According to various embodiments, the phase offset (for example, of the exit lens waveform) is determined in an instrument set-up and/or calibration process. The inventors have moreover found that the phase offset may depend on mass to charge ratio. For example, elements present between the exit lens and the quadrupole (for example, pre-filter rods) may cause a time offset, which may be mass to charge ratio (m/z) dependent.

Thus according to various embodiments, a calibration function and/or look-up table relating the phase offset (of the exit lens voltage) to the mass to charge ratio (m/z) of the ion of interest is determined. The calibration function and/or look-up table may then be used such that the phase offset may be scanned when the quadrupole is operated in a scanning mode. The amplitude of the exit lens voltage may also be mass to charge ratio (m/z) dependent, and may be determined in a corresponding manner.

Although various embodiments above have been described in terms of the use of X-band stability conditions, it would also be possible to use Y-band stability conditions, e.g. in a corresponding manner, mutatis mutandi. A Y-band may be produced and used for mass to charge ratio (m/z) filtering (rather than an X-band) by application of suitable excitation frequencies.

Although the above has been described with particular reference to operating in an X-band or Y-band mode of operation in which two additional AC excitations are applied to the quadrupole device, it will be appreciated in various embodiments the quadrupole device is operated in a “single excitation” X-band(-like) or Y-band(-like) mode of operation using only a single additional AC excitation.
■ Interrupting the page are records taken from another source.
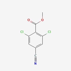 The synthesis of this compound typically involves the esterification of its corresponding carboxylic acid, 2,6-dichloro-4-cyanobenzoic acid. The presence of two chlorine atoms in the ortho positions to the carboxylic acid group presents significant steric hindrance, making standard esterification methods challenging.
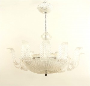 Barovier Et Toso Italian Murano Gold Dusted Glass Feather Chandelier
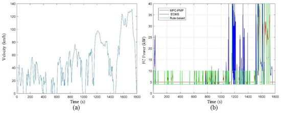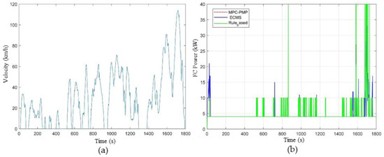 In Figure 9, (a) is the test conditions, and (b) is the fuel cell output power under the three power splitting algorithms, which are identified with different colors: the red curve represents the fuel cell output power in the MPC-PMP strategy, the blue curve represents the fuel cell output power in the ECMS strategy, and the green curve represents fuel cell output power in the rule-based splitting strategy.

In this case, the scan line may be lowered so as not to operate at the tip of the stability diagram. For example, the scan line may be operated in region “C” as defined in Sudakov, Such a scan line may cross other stable regions of the stability diagram and hence additional filtering may be required to avoid mass to charge ratio (m/z) interferences. Other regions may also be used, as desired. It will be appreciated, however, that such “single excitation” X-band(-like) or Y-band(-like) modes of operation can also benefit from the various advantages described herein, such as improved speed of ejection, resolution, and transmission behaviour.
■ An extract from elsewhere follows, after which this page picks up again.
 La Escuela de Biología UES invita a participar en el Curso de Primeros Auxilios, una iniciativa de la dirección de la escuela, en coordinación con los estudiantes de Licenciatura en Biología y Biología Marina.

Thus, according to various embodiments one auxiliary drive voltage is applied to the quadrupole device, which may effect an X-band, X-band-like, Y-band or Y-band-like mode of operation. An X-band-like (or Y-band-like) mode of operation may comprise a mode of operation in which the quadrupole device 10 is operated in a stability region for which instability (ejection) at the stability boundaries of the stability region may be in only the x- (or y-) direction.

The quadrupole device 10 (e.g. quadrupole mass filter) may be operated using one or more sinusoidal, e.g. analogue, RF or AC signals. However, it is also possible to operate the quadrupole device 10 using one or more digital signals, e.g. for one or more or all of the applied drive voltages. A digital signal may have any suitable waveform, such as a square or rectangular waveform, a pulsed EC waveform, a three phase rectangular waveform, a triangular waveform, a sawtooth waveform, a trapezoidal waveform, etc.

As described above, in various embodiments, plural different voltages are (simultaneously) applied to the electrodes of the quadrupole device 10, e.g. by the one or more voltage sources 12, comprising a main (RF or AC) drive voltage, one or more auxiliary (RF or AC) drive voltages and optionally one or more DC voltages. The plural voltages may be configured (selected) so as to correspond to an X-band, X-band-like, Y-band or Y-band-like stability condition.

The main drive voltage may have any suitable amplitude V_RF. The main drive voltage may have any suitable frequency Ω, such as for example (i)<0.5 MHz; (ii) 0.5-1 MHz; (iii) 1-2 MHz; (iv) 2-5 MHz; or (v)>5 MHz. The main drive voltage may comprise an RF or AC voltage, and e.g. may take the form V_RF cos(Ωt).

Equally, each of the one or more DC voltages may have any suitable amplitude U.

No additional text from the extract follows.